S. Andreas Angermayr and Tobias Bollenbach, University of Cologne

MSCA-IF-2015-EF - Marie Skłodowska-Curie Individual Fellowships (IF-EF)

This project has received funding from the European Union’s Horizon 2020 research and innovation programme under the Marie Skłodowska-Curie grant agreement No 707352

The precise expression of protein coding genes is of crucial importance to all organisms, since proteins are involved in virtually all vital processes. Some proteins need to be available at exactly the right amount to perform cellular functions sustainably and thereby maximize fitness. Consequently, gene expression needs to be accurately controlled. For these reasons, it has been hypothesized that cells evolve towards a state in which expression levels are optimally tuned to maximize fitness in the current environment. The cell’s growth and resource distribution is constrained by tradeoffs between the costs and benefits of a particular expression level. Recent investigations of the global effects of protein levels provide insights into the mutual dependency between expression and growth.

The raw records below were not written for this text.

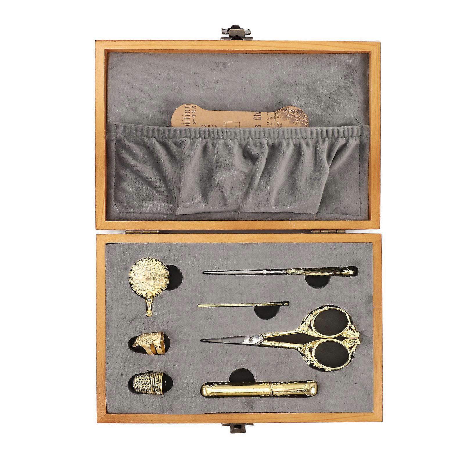 1 Set 30Pcs Vintage Sewing Box Wooden Multifunctional Sewing Kit with Shear Thread Cutter Thimble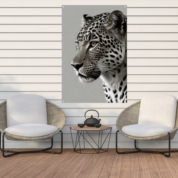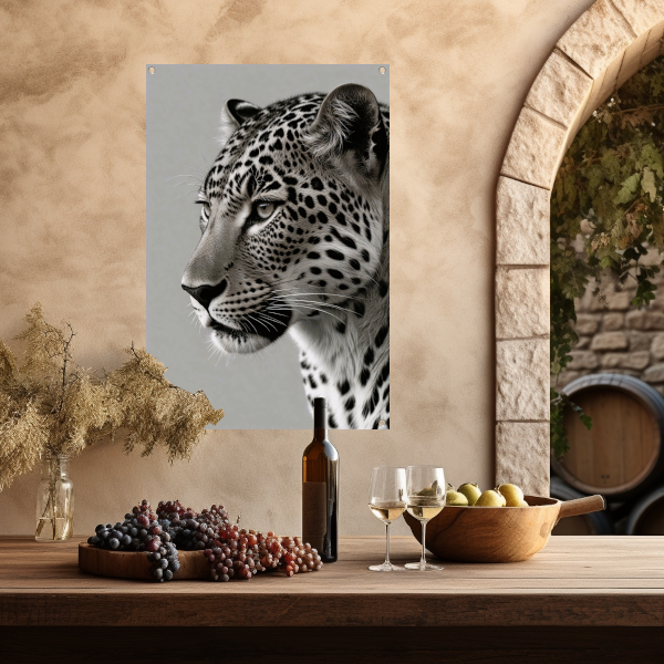 Zwart-witte Minimalistische Luipaard Blik tuinposter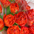 Монобукет из роз сортов Гран-При и Вау в оранжевой упаковке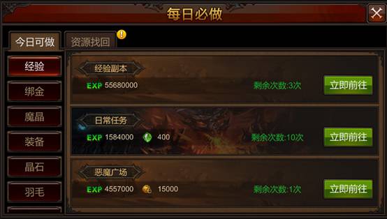 点击每日必做按钮,面板上会将游戏类各项产出点根据分类显示在相应的界面中,玩家可通过该面板查看其每日可完成和未完成的任务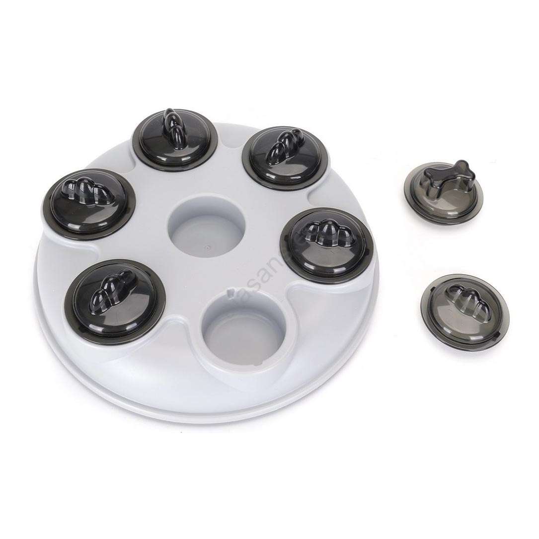 • El juguete cuenta con una tapa elevable y giratoria donde puedes colocar golosinas o premios para tu perro.

To test this central hypothesis in systems biology, we use Escherichia coli which is the best-characterized model organism for fundamental research on gene expression, as well as for biotechnological applications. We aim to advance the understanding of the costs and benefits of expression by systematically investigating its ~4000 genes with gene deletion- and expression libraries. The effect of the expression level for each gene on fitness will be quantified through precise high throughput growth rate measurements. We will dissect general cellular cost-factors from gene specific effects which allow us to systematically uncover the mechanistic causes of the cost of protein overexpression. The burden manifests in universal protein biosynthesis costs but also specific costs such as eventual detrimental effects. The benefits are determined by the function of a protein: metabolic activity, structural component, and other roles. We will test if these contributions collectively converge to an optimum to maximize fitness. Optimality is a common objective in man-made systems and engineering and it will be intriguing to learn how natural selection has shaped cells according to this concept.